What this task involves |
With pictures omitted, output the records below exactly as they appear.

Data extract |
⟨

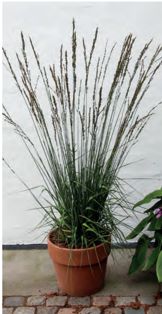
Pibegræs Molinia caerulea 'Black Arrows' er et superflot og meget karakteristisk prydragræs med en opret tue af smalle blade og markante sorte aks på næsten 2 m høje stængler fra august til oktober.

Nogle er endda helt afhængige af bestemte arter eksempelvis for at kunne opfostre deres larver. Plant derfor et godt udvalg af både stauder, træer og buske, der blomstrer på forskellige årstider, sætter spiselige frø eller frugter. Husk, at gemmesteder skabt af de flerårige planter, er lige så vigtige som føde, når naturen flytter ind i haven og hjælper til med at skabe en naturlig balance.
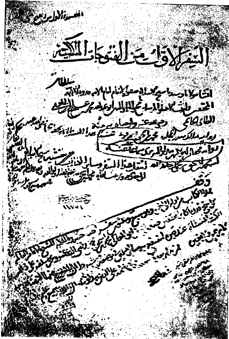
مخطوط قونية (متحف الآثار الاسلامية باستانبول) رقم ١٨٤٥ وهو الاصل الام للنسخة الثانية للفتوحات ، عام ٦٣٦ هـ
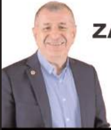
Prof. Dr. Ümit ÖZDAĞ Zafer Partisi Genel Başkanı
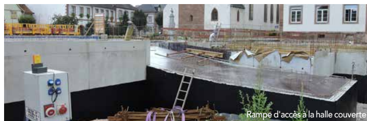
Rampe d'accès à la halle couverte

En parallèle, les travaux de la halle couverte ont bien avancé avec la réalisation des fondations du parking bas et la pose du plancher haut qui accueillera le marché et les diverses manifestations. Les gradins en prolongement du parvis vers la halle ainsi que les escaliers descendant au parking couvert, seront mis en place. Des sanitaires publics seront réalisés le long de la rampe d'accès qui était déjà visible à la fin de l'été.
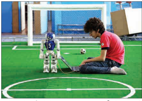
مسابقات روباتیک آسیا-اقیانوسیه ۱۸ و ۲۰ حضور شرکت‌کنندگان ۱۵ کشور در کیش آغاز شد.
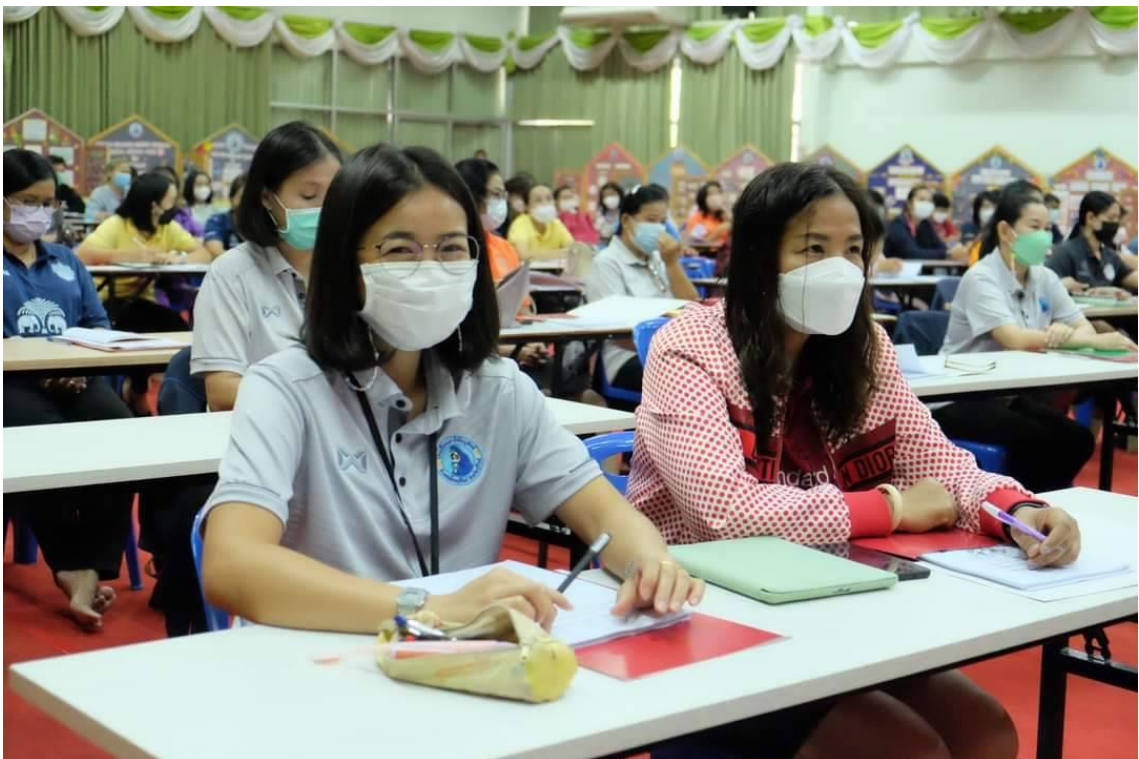
อบรมเชิงปฏิบัติการ “การพัฒนาสมรรถนะผู้เรียน ด้วยหลักสูตรแกนกลางฯ พ.ศ.2551 (ฉบับปรับปรุง พ.ศ.2560) สู่หลักสูตรฐานสมรรถนะ
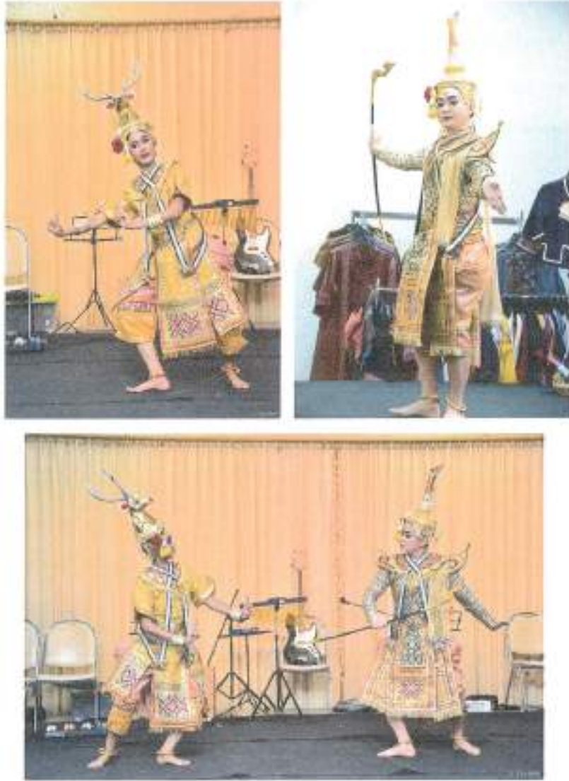
การแสดงชุดที่ ๓ "พระรามตามกวาง" จากชมรมดนตรีไทยและนาฏศิลป์ มหาวิทยาลัยรามคำแหง

⟩

Exercise solution |
Pibegræs Molinia caerulea 'Black Arrows' er et superflot og meget karakteristisk prydragræs med en opret tue af smalle blade og markante sorte aks på næsten 2 m høje stængler fra august til oktober.

Nogle er endda helt afhængige af bestemte arter eksempelvis for at kunne opfostre deres larver. Plant derfor et godt udvalg af både stauder, træer og buske, der blomstrer på forskellige årstider, sætter spiselige frø eller frugter. Husk, at gemmesteder skabt af de flerårige planter, er lige så vigtige som føde, når naturen flytter ind i haven og hjælper til med at skabe en naturlig balance.
مخطوط قونية (متحف الآثار الاسلامية باستانبول) رقم ١٨٤٥ وهو الاصل الام للنسخة الثانية للفتوحات ، عام ٦٣٦ هـ
Prof. Dr. Ümit ÖZDAĞ Zafer Partisi Genel Başkanı
Rampe d'accès à la halle couverte

En parallèle, les travaux de la halle couverte ont bien avancé avec la réalisation des fondations du parking bas et la pose du plancher haut qui accueillera le marché et les diverses manifestations. Les gradins en prolongement du parvis vers la halle ainsi que les escaliers descendant au parking couvert, seront mis en place. Des sanitaires publics seront réalisés le long de la rampe d'accès qui était déjà visible à la fin de l'été.
مسابقات روباتیک آسیا-اقیانوسیه ۱۸ و ۲۰ حضور شرکت‌کنندگان ۱۵ کشور در کیش آغاز شد.
อบรมเชิงปฏิบัติการ “การพัฒนาสมรรถนะผู้เรียน ด้วยหลักสูตรแกนกลางฯ พ.ศ.2551 (ฉบับปรับปรุง พ.ศ.2560) สู่หลักสูตรฐานสมรรถนะ
การแสดงชุดที่ ๓ "พระรามตามกวาง" จากชมรมดนตรีไทยและนาฏศิลป์ มหาวิทยาลัยรามคำแหง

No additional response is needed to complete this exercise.